“E nesse mundo criaremos nossas crianças livres para escolher a melhor maneira de se sentir realizadas. Pois somos coletivamente responsáveis pelo cuidado e pela criação dos jovens, uma vez que criá-los é, enfim, uma função da espécie.” O filho homem: reflexões de uma lésbica negra e feminista, Audre Lorde.

Fui criada por três mulheres héteros, tenho o privilégio de ter três mães: a minha avó Dona Vera, minha mãe Ana Cristina e a minha tia Ana Lúcia. Na minha família, nunca teve essa questão de apenas uma mulher ser responsável pelas crianças, todas tinham um pouco de responsabilidade com a nossa criação e cuidados. 

No dia das mães da escola, sempre era uma questão para mim o fato de só poder homenagear uma mãe por vez, realmente nunca entendi aquilo.
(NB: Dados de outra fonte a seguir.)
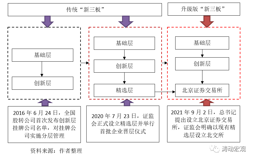 (一)北交所是在現(xiàn)有的新三板精選層基礎(chǔ)上組建,屬于新三板改革的重要內(nèi)容,即北交所仍可被歸于升級版的“新三板”,具體包括現(xiàn)行的基礎(chǔ)層、創(chuàng)新層以及北交所三個(gè)部分。
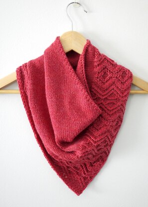 MORAVIA COWL features cables artfully arranged in a wide panel along one edge and a narrow cable carried up the other edge of this triangular shaped neck accessory. Inspired by larger asymmetrical shawls, this version is smaller, quicker to knit up, and perfect for layering. Moravia Cowl is knit flat, ends are then seamed. Cowl is one size: 21" tall x 19" wide. Pattern includes both charted and written instructions.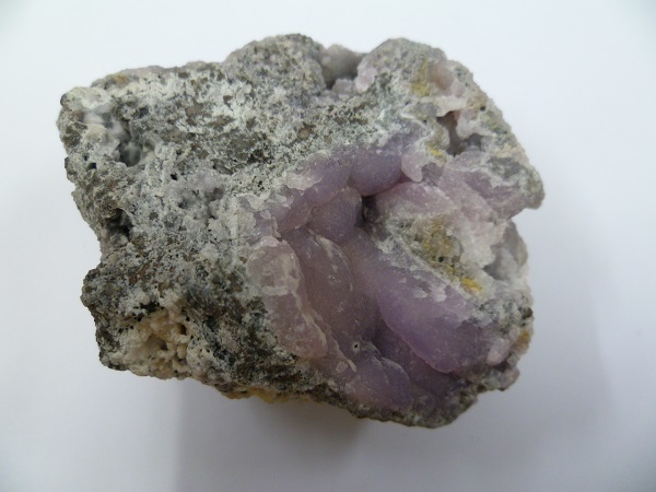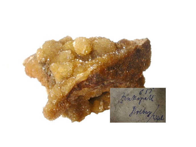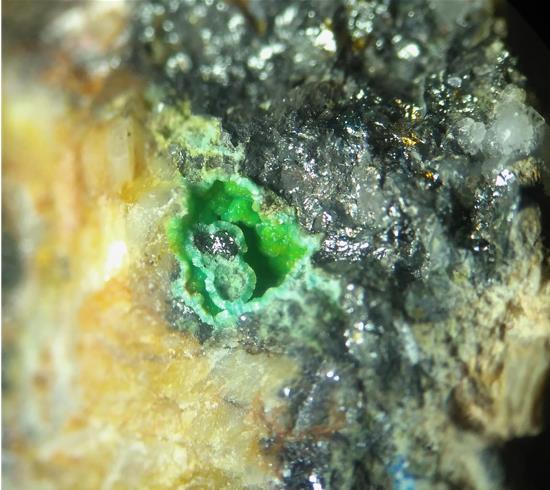 Grüner krustiger Smithsonit neben nicht genauer identifizierten Erzmineralien von der Halde der Grube Silbersand in der Eifel. Das Stück wurde ursprünglich als ein Kupfermineral angesprochen, zumal Smithsonit in der offiziellen Mineralienliste bislang fehlt. Nach der EDX-Analyse stellte sich das Material aber als Blei-und Kupfer-haltiger Smithsonit heraus.

A minha família está longe de ser essa do comercial de margarina: branca, classe média alta e residente de alguma área nobre da cidade. 

A minha família não é a tradicional brasileira (ainda bem), como aquela nuclear dos comerciais de margarina. Fui criada pelos meus avós maternos com a presença da minha mãe, da minha tia e de várias outras primas/tias por perto, somos uma família do subúrbio do Rio de Janeiro. 

Por causa de tudo isso, nunca tive problemas para entender que família é algo plural e existem diversas formas de se constituir uma família. O afeto e o respeito são elementos fundamentais para existência de uma família, por isso também podemos escolher a nossa própria família, podemos ter mais de uma inclusive. Família é onde existe o amor!

Por causa da heteronormatividade estrutural, aquela ideologia onde apenas o homem heterossexual e a mulher heterossexual podem constituir uma família, vale uma observação aqui para dizer que essa “autorização de construção de família’’ é permitida basicamente para pessoas brancas, a gente acaba acreditando que não existem outros tipos de família. Existe um apagamento ideológico com direcionamento político-social legitimado não apenas pela heteronormatividade mas também pelo Estado. 

Existe toda uma estrutura social para dizer que lésbicas não podem ser mães e constituir família. Trazendo novamente a heteronormatividade para o debate, por causa dela existe esse pensamento mentiroso de que: lésbicas não são mulheres e lésbicas querem tentar ser homem, logo não podem ser mães. Esse argumento é completamente lesbofóbico e mentiroso. 

Como já afirmei em outros textos aqui da minha coluna, lésbicas são plurais e possuem diversas vivências diferentes. Nós podemos ser o que quisermos ser, inclusive ser mães e construir uma família com nossas companheiras.

A maternidade lésbica existe! Lésbicas também são mães, nossas famílias existem e precisam ser respeitadas. Por isso hoje desejo um feliz dia das mães para todas as lésbicas que são mães e para todas as famílias em suas mais diversas formas.
Inclusive, fiquei muito feliz esse ano quando soube do nascimento do filho da jogadora da seleção de futebol Cris Rozeira e sua esposa, a advogada Ana Paula Garcia. Bento nasceu no dia internacional da visibilidade lésbica. Coincidência mais linda, não?